我会将其写入文本文件,以便将其导入 excel。

任何帮助将不胜感激!

干杯!

【问题讨论】:

  • 那么您对该页面的预期输出是什么? (请edit您提出问题以包含它 - 或者至少是它的一个起始示例)
  • 会做的,我只是从 python 和 stack 开始,所以我的边缘有点粗糙!

标签: python loops web-scraping beautifulsoup


【解决方案1】:

这是迄今为止最小的工作解决方案。

代码:

import requests
from bs4 import BeautifulSoup
baseurl = ["https://www.expansion.com/empresas-de/ganaderia/granjas-en-general/index.html"]
urls = [f'https://www.expansion.com/empresas-de/ganaderia/granjas-en-general/{i}.html'.format(i) for i in range(2,5)]#range(2,65)]

allurls = baseurl + urls
#print(allurls)
data = []
for url in allurls:
    page = requests.get(url)
    soup = BeautifulSoup(page.content, "html.parser")
    lists = soup.select("div#simulacion_tabla ul")

    #scrape the pages
    for lis in lists:
        title = lis.find('li', class_="col1").text
        location = lis.find('li', class_="col2").text
        province = lis.find('li', class_="col3").text
        link = lis.select_one("li.col1 a")['href']
        #info = [title, location, province, link]
        #print(info)

        sub_page = requests.get(link)
        soup2 = BeautifulSoup(sub_page.content, "html.parser")
        direction = soup2.select_one('#direccion_empresa').text
        cnae = soup2.select_one('#cnae_codigo_empresa').text
        phone=soup2.select_one('#telefono_empresa')
        telephoe = phone.text if phone else None
        print([title,location,province,link,direction,cnae,telephoe])
        #data.append([title, location, province,link, direction, cnae, telephoe])

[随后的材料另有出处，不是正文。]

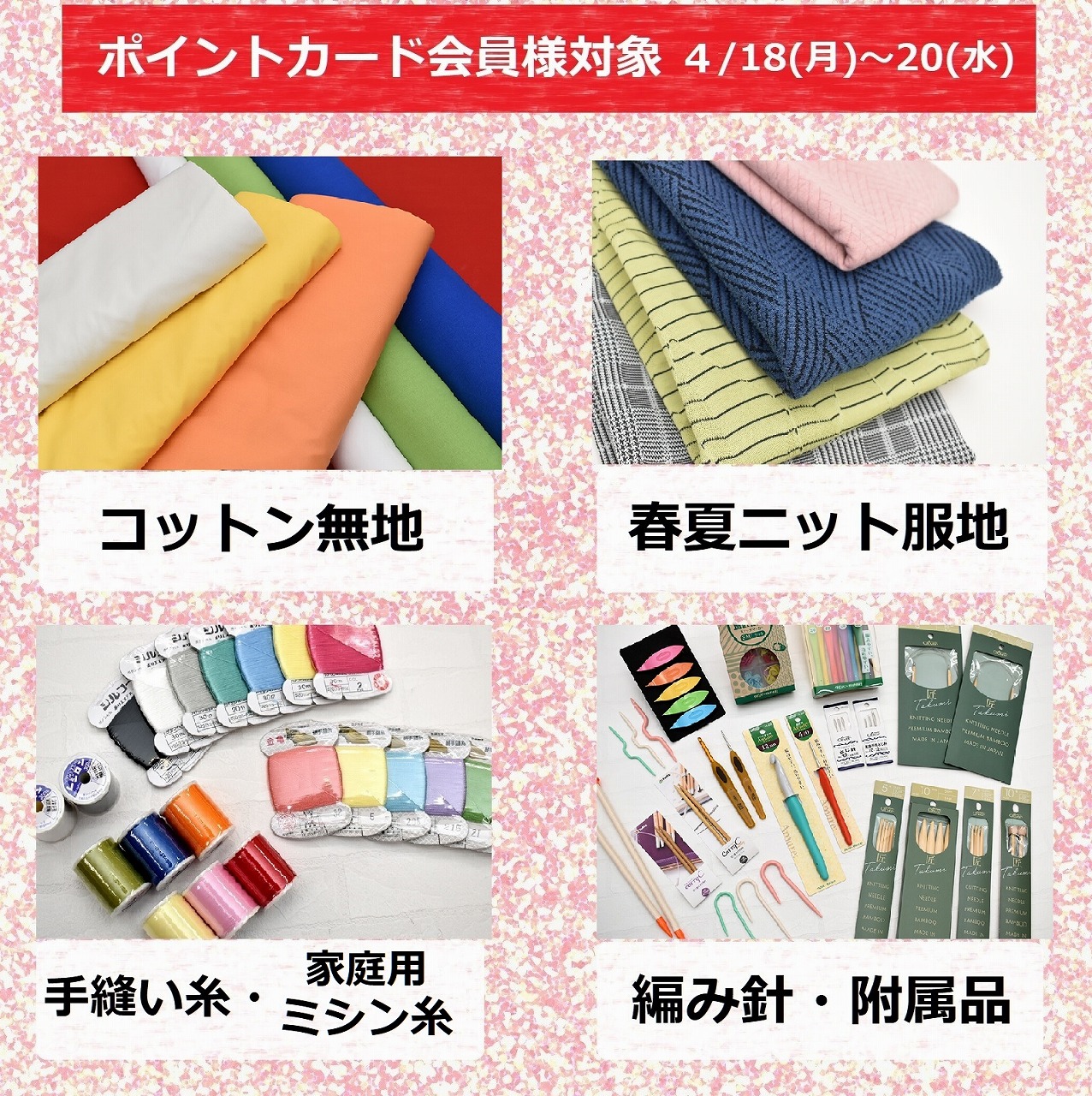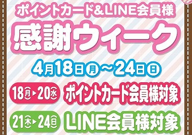 4/18(月)~24日(日)までの期間で、4/18(月)~20(水)迄カナリヤポイントカード会員様対象4/21(木)~24(日)迄LINE会員様対象イベントになります。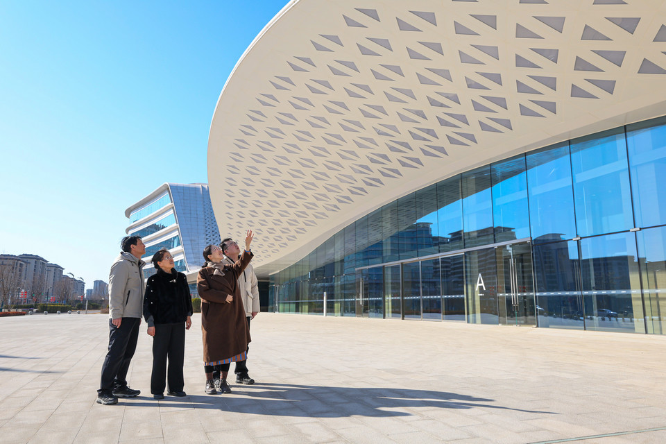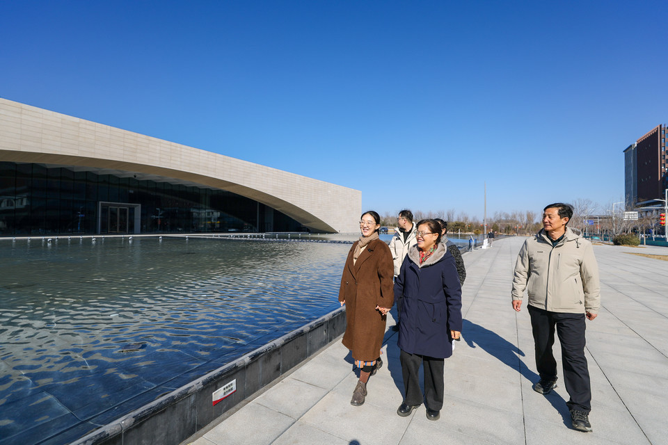 2月18日大年初二,牛佩瑶(左一)带家人来到雄安地标之一——雄安城市计算中心参观游览。人民日报记者 张武军摄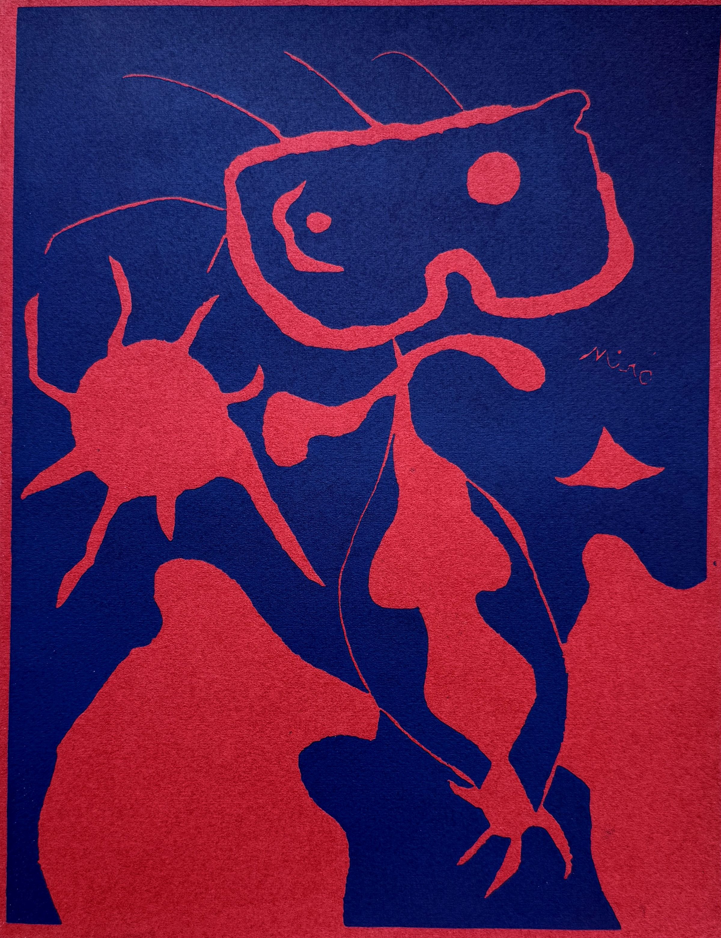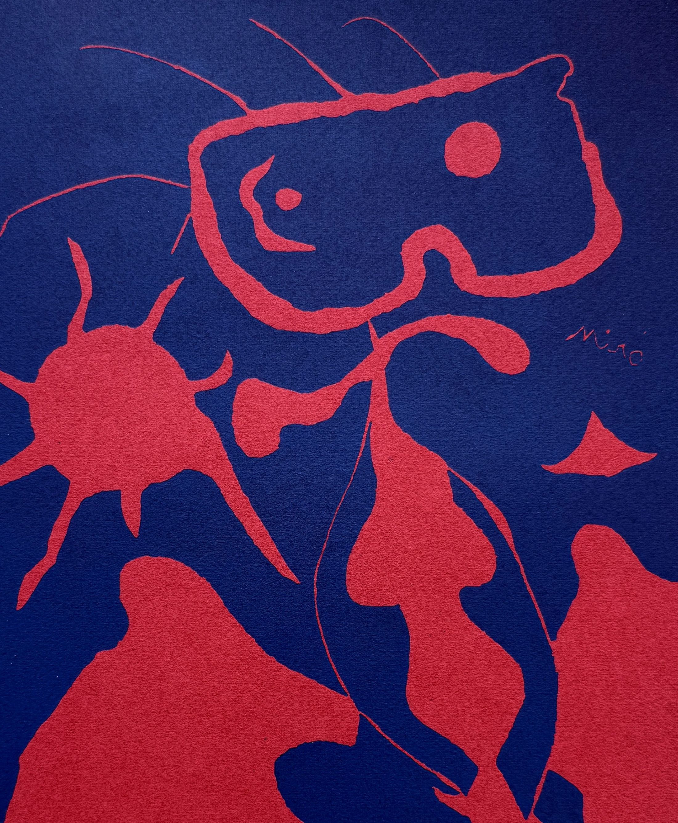 Joan MIRO - Homme au soleil rouge - Linogravure originale signée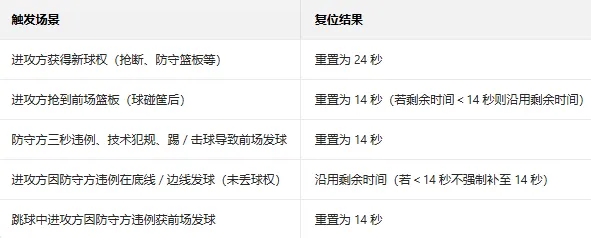 误区 2:“进攻篮板必回24秒”→ 仅回14秒,剩余>14秒时不重置。

#cols = ["title", "location", "province","link", "direction", "cnae", "telephoe"]

#df = pd.DataFrame(data, columns=cols)
#print(df)
#df.to_csv('info.csv',index = False)

输出:

['A CORTIÑA DOS ACIVROS SL', 'LUGO', 'LUGO', 'https://www.expansion.com/directorio-empresas/a-cortina-dos-acivros-sl_9163006_A02_27.html', 'CRTA. A CORUÑA, 16.', '150', '']
['A CORTIÑA DOS ACIVROS SL', 'LUGO', 'LUGO', 'https://www.expansion.com/directorio-empresas/a-cortina-dos-acivros-sl_9163006_A02_27.html', 'CRTA. A CORUÑA, 16.', '150', '']
['A P V 19 32 SL', 'VALENCIA', 'VALENCIA', 'https://www.expansion.com/directorio-empresas/a-p-v-19-32-sl_672893_A02_46.html', 'CALLE SALVA, 8 1 2B.', '150', '']
['ABADIA DE JABUGO SL', 'CARTAYA', 'HUELVA', 'https://www.expansion.com/directorio-empresas/abadia-de-jabugo-sl_5442689_A02_21.html', 'URB. MARINA EL ROMPIDO, 31 VILLA M-31. CRTA. EL RO.', '150', '']
['ABALOS REAL SLL', 'CARBONERAS DE GUADAZAON', 'CUENCA', 'https://www.expansion.com/directorio-empresas/abalos-real-sll_1239004_A02_16.html', 'C/ DON CRUZ, 23.', '150', '969142092']

...等等

【讨论】:

  • 它工作得很好,只需要编辑一些东西(最终打印语句和循环页面!感谢 Fazlul
【解决方案2】:

在您的子页面中,您尝试选择 ID 而不是该部分的类,因此无法匹配任何条目。您也可以使用td

您的子页面逻辑需要与您的主页相结合。请尝试以下操作:

import requests
from bs4 import BeautifulSoup
import csv

with open('output.csv', 'w', newline='', encoding='utf-8') as f_output:
    csv_output = csv.writer(f_output)
    csv_output.writerow(["Title", "Location", "Province", "Link", "Location", "cnae", "Phone"])
    
    urls = ["https://www.expansion.com/empresas-de/ganaderia/granjas-en-general/index.html"]
    urls.extend(f'https://www.expansion.com/empresas-de/ganaderia/granjas-en-general/{i}.html' for i in range(2, 65))

    for url in urls:
        print(url)
        
        r_main = requests.get(url)
        soup_main = BeautifulSoup(r_main.content, "html.parser")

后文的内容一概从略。